▸ Your goal
What you return should be the lines from the one with "Wanneer u gaat" through the one with "Smuk top fra" in the data below, reproduced exactly with both ends, and no pictures at all.

▸ Working data
*** Begin section ***
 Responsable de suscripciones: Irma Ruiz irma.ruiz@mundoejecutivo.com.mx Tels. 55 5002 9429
*** End section ***
*** Begin section ***
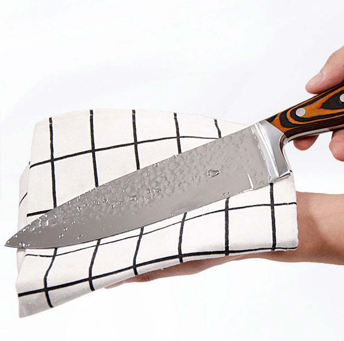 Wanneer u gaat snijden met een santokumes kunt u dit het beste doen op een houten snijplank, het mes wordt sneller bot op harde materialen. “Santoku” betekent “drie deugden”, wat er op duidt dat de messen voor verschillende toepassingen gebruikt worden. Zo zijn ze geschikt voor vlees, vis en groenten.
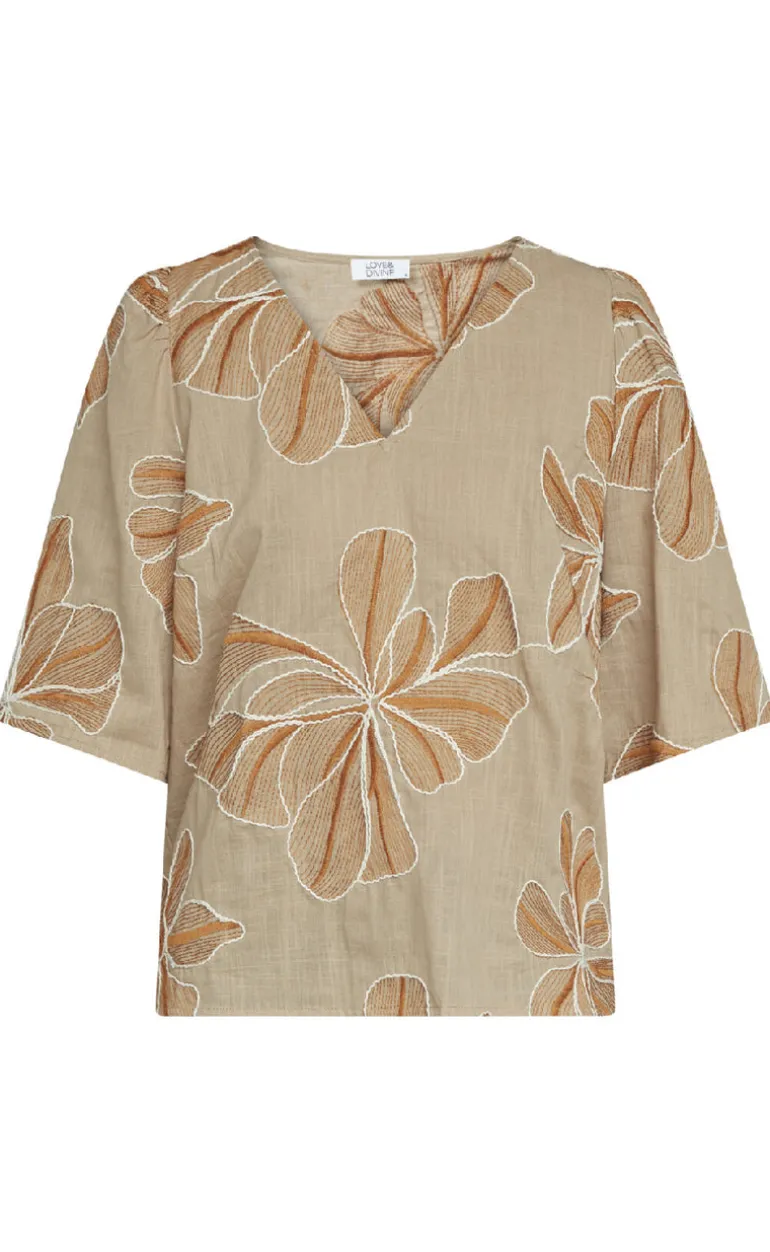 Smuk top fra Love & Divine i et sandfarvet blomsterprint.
*** End section ***
▸ Result
 Wanneer u gaat snijden met een santokumes kunt u dit het beste doen op een houten snijplank, het mes wordt sneller bot op harde materialen. “Santoku” betekent “drie deugden”, wat er op duidt dat de messen voor verschillende toepassingen gebruikt worden. Zo zijn ze geschikt voor vlees, vis en groenten.
 Smuk top fra Love & Divine i et sandfarvet blomsterprint.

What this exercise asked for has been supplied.